Additional Information and Where to Find It
The Company has filed a definitive proxy statement (as amended, the “Definitive Proxy Statement”) with the SEC for the Annual Meeting to which this communication relates and has mailed the Definitive Proxy Statement and
other proxy solicitation materials to record holders as of September 6, 2022. Before you vote, you should read the Definitive Proxy Statement and other documents the Company has filed with the SEC for more complete information about the Company, the
2022 Annual Meeting and the proposals to be voted on. The Company has filed a registration statement (including a prospectus) with the SEC for the offering to which this communication relates. Before you invest, you should read the prospectus in that
registration statement and other documents the Company has filed with the SEC for more complete information about the Company and this offering. You may get these documents for free by visiting EDGAR on the SEC website at www.sec.gov.
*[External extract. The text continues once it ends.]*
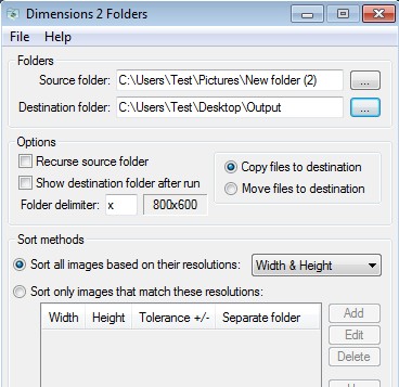 Sort Images Into Folders Based On Resolution: Dimensions 2 Folders

Alternatively, you may obtain copies of the Definitive Proxy Statement and the other proxy solicitation materials, including a replacement proxy card, as well as the prospectus, by contacting Morrow Sodali, the Company’s proxy solicitor and the
information agent for the offering, at:
Morrow Sodali LLC
333 Ludlow Street
5th Floor, South Tower
Stamford, Connecticut 06902
Individuals call toll-free: (800) 662-5200
Banks and Brokerage Firms, please call (203) 658-9400
Participants in the Solicitation
The Company and its directors and executive officers may be deemed to be participants in the solicitation of proxies from the holders of the Company’s common stock in respect of the proposals to be voted on by stockholders
at the Company’s Annual Meeting. Information about the participants in the proxy solicitation and a description of their direct and indirect interests, by security holdings or otherwise, is set forth in the Definitive Proxy Statement for the Annual
Meeting, which was filed with the SEC on September 13, 2022, and in other documents filed by the Company, including on behalf of such individuals, with the SEC.
No Offer or Solicitation
This communication shall not constitute (i) a solicitation of a proxy, consent or authorization with respect to any securities or in respect of the proposed rights offering or (ii) an offer, nor a solicitation of an offer,
of the sale or purchase of securities, nor shall any securities of the Company be offered or sold in any jurisdiction in which such an offer, solicitation or sale would be unlawful. It is an outline of matters for discussion only. Neither the SEC
nor any state securities commission has approved or disapproved of the transactions contemplated hereby or determined if this document is truthful or complete. Any representation to the contrary is a criminal offense. In connection with the proposed
rights offering transaction discussed herein and the stockholder votes related thereto, a registration statement on Form S-1 (File No. 333-267071) (the “Registration Statement”) was filed with the SEC on August 25, 2022 and the Definitive Proxy
Statement related to the Company’s 2022 Annual Meeting of Stockholders to be held on October 12, 2022 was filed with the SEC on September 13, 2022. The Company intends to file other relevant materials with the SEC in connection with the proposals to
be voted on by the stockholders. Stockholders of the Company are urged to read the Registration Statement and the documents incorporated by reference therein and the Definitive Proxy Statement before making any voting or investment decision with
respect to the stockholder proposals and the proposed rights offering, respectively, because they will contain important information regarding such proposals and the proposed rights offering transaction. You should not construe the contents of this
communication as legal, tax, accounting or investment advice or a recommendation. You should consult your own counsel and tax and financial advisors as to legal and related matters concerning the matters described herein.